Las revelaciones dadas a conocer por Musk sobre la inmensa componenda entre instituciones gubernamentales, políticas y la prensa para salvarle el trasero al hijo corrupto y enfermo del futuro “presidente” de la nación no debieran sorprender a nadie. Era cosa sabida, aunque todo el ”progrerío” en conjunto, el antitrumpismo y hasta algunos trumpistas que se niegan a aceptar la muerte del excepcionalismo norteamericano lo hayan negado en su momento, calificando como “conspiracionistas” a aquellos que señalaban que el FBI, el departamento de estado y representantes ciudadanos de ambos partidos intentaban sacar del poder al mandatario molesto y atravesáo.
Todos ellos seguirán negando el fraude, por supuesto, a pesar de las evidencias estadísticas y matemáticas que enmarcan al triunfo del “bidenismo” como un imposible práctico. Y negarán también, ya sea con su voto inocente y bonachón o con la incredulidad que otorga la costumbre, la muerte absoluta del excepcionalismo norteamericano, aquel que llegó a legarnos con certeza la cuasi ilusión de la libertad del hombre.

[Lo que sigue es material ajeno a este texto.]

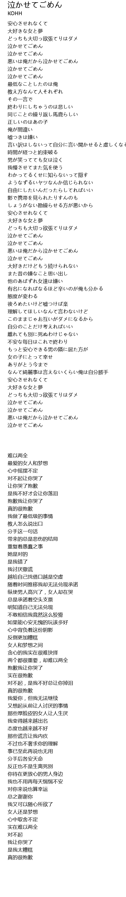 | [00:54.52] | 悪いは俺だから泣かせてごめん |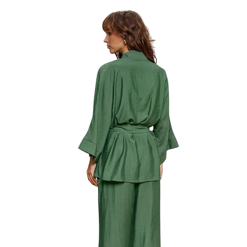 This ladies' pyjama set in elegant green is the perfect combination of comfort, style, and practicality. Made from a pleasant blend of cotton and nylon, it offers softness, breathability, and a subtle sheen, making it ideal for cooler evenings and comfortable relaxation at home. The pyjama consists of a robe-style top with long sleeves, which ties with a fabric cord, and matching loose-fitting trousers. This design exudes a relaxed yet feminine vibe – perfect for women who appreciate elegance even in a home setting.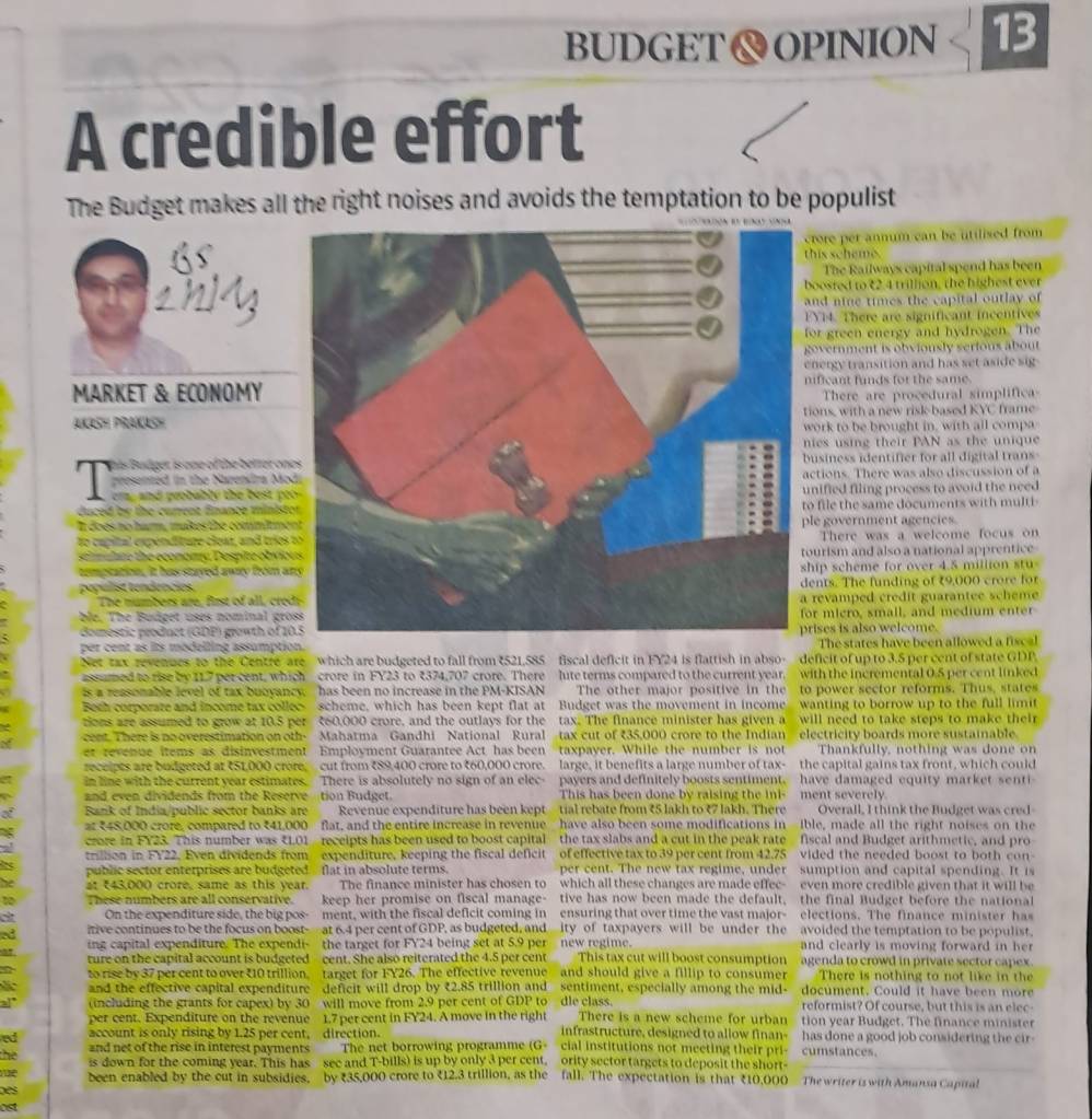 This article is all praise for the budget and says it is the best produced by the Finance Minister. [2] in the last para it says ” there is nothing to not like in the document ” Courtesy BS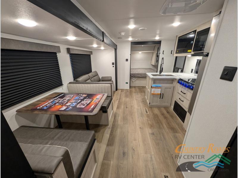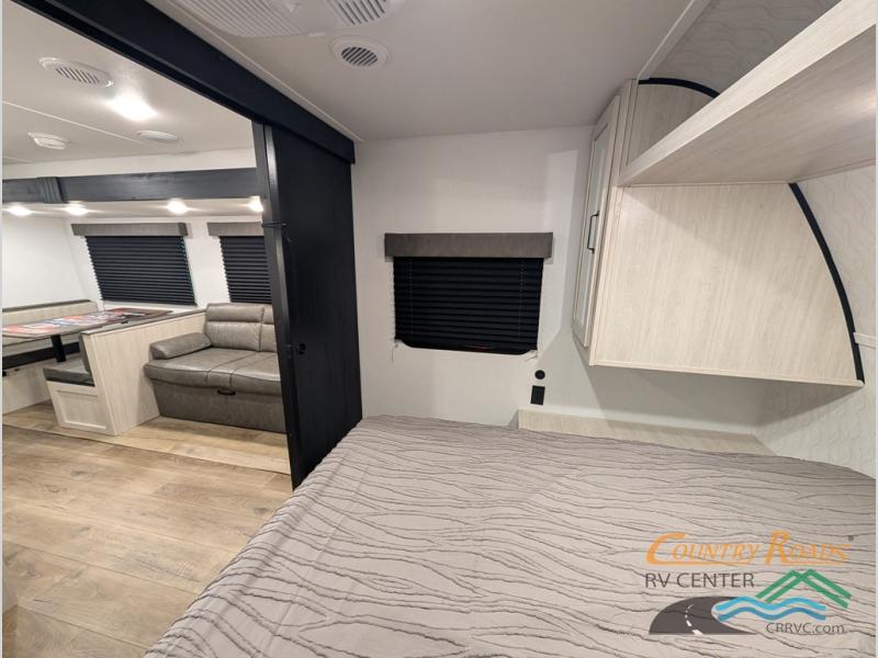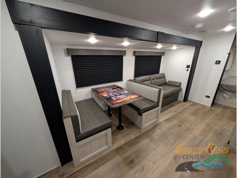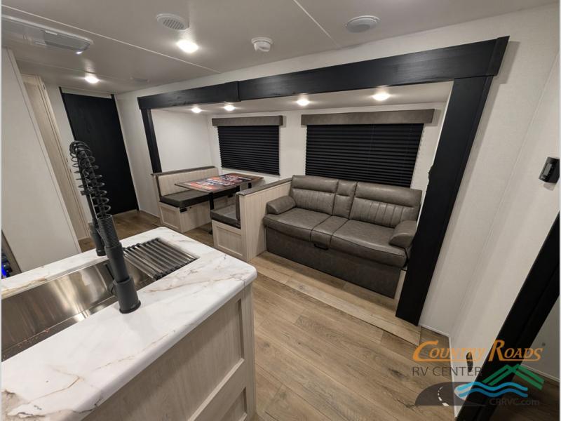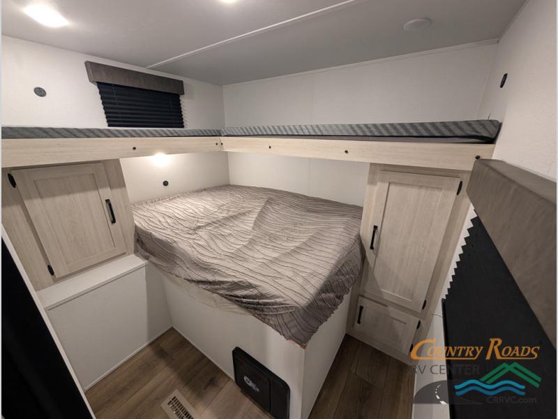 If you're looking for more space, this double axle unit features a large slide so you can walk about freely. Here, you'll find the booth dinette and sofa, which sit across from the optional TV if you want to enjoy movie nights. The full kitchen includes a stainless microwave and three burner cooktop to make meals, plus a pantry and 12V refrigerator for food storage. And an optional outside mini kitchen with a grill can be added if you enjoy cooking outdoors! Your guests or littles are sure to enjoy the rear bedroom with a queen bed, a 28" x 65" bunk, 28" x 76" bunk, a shirt closet, and a wardrobe so everything has a place!

América (en el sentido del concepto territorial de los Estados Unidos) está muerta y enterrada, no sólo porque quienes han pujado porque tal cosa ocurra han alcanzado el éxito, sino porque la severidad del curso de la historia así lo ha determinado. Un nuevo mundo se abre ante nosotros, como aquel infierno inevitable del Apocalipsis bíblico. Nos acostumbraremos a morar en él. Y por lo pronto, no esperen culpables ni juicios sumarios ni castigos. Nada sucederá. Nada que impida que el “devenir glorioso del futuro” llegue para quedarse entre nosotros.